The previous post — RL Force Control — covered delicate force regulation. Now, we focus on precision — and our secret weapon is Hindsight Experience Replay (HER).
Why is Precision Pick-and-Place Hard for RL?
In standard pick-and-place, the robot only needs to bring the object "near" the target. But in manufacturing:
- Electronic components must be placed with < 0.5mm error
- Orientation must be correct (90-degree rotation = defective)
- Multiple steps: reach, grasp, lift, transport, align, place, release
| Challenge | Description | RL Solution |
|---|---|---|
| Sparse reward | Only +1 when placed perfectly | HER |
| 6-DOF goal | Need position + orientation | SE(3) goal space |
| Precision | Sub-cm accuracy | Fine-tuned reward shaping |
| Multi-phase | Sequential stages | Phase-based reward |
| Long horizon | 200+ steps | Discount tuning |
Hindsight Experience Replay (HER)
The Sparse Reward Problem
With sparse rewards (only +1 on success), the robot almost never receives positive reward early in training — because the probability of randomly placing precisely is extremely low. No reward signal = no learning.
The HER Idea
HER solves this with a simple but brilliant trick: after each episode, pretend the original goal was actually the position achieved.
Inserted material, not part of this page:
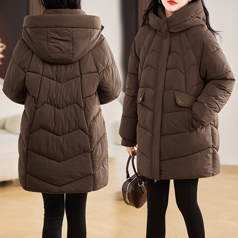 越境冬の新型綿服の女性は長い金を加えてひざを越えます。
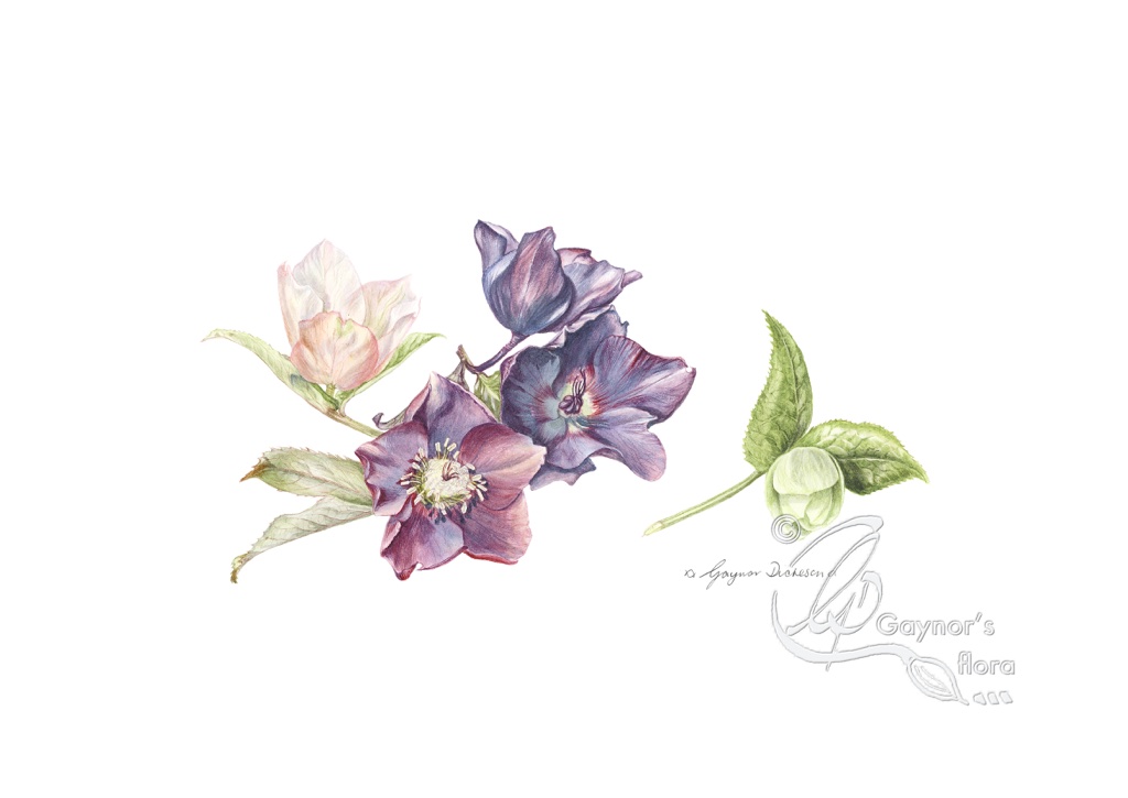 As with several of my small paintings the picture started as a demonstration for a workshop on Hellebores. I had lots of different Hellebores in my garden therefore for a change chose to paint them face up in a bowl of water. Normally the flower hangs its head and you have little opportunity to see the delicate stamens or fertilised carpels under the cap.

Example: The robot tries to place an object at $(0.5, 0.3, 0.4)$ but actually places it at $(0.3, 0.1, 0.4)$. Instead of treating this episode as a complete failure, HER creates an additional "virtual experience" with goal = $(0.3, 0.1, 0.4)$ — and this episode becomes a success.
import numpy as np
from collections import deque
class HindsightExperienceReplay:
"""HER implementation for goal-conditioned manipulation."""
def __init__(self, buffer_size=1_000_000, k_future=4,
strategy="future"):
self.buffer = deque(maxlen=buffer_size)
self.k_future = k_future
self.strategy = strategy
self.episode_buffer = []
def store_transition(self, obs, action, reward, next_obs,
done, achieved_goal, desired_goal):
"""Store transition in current episode."""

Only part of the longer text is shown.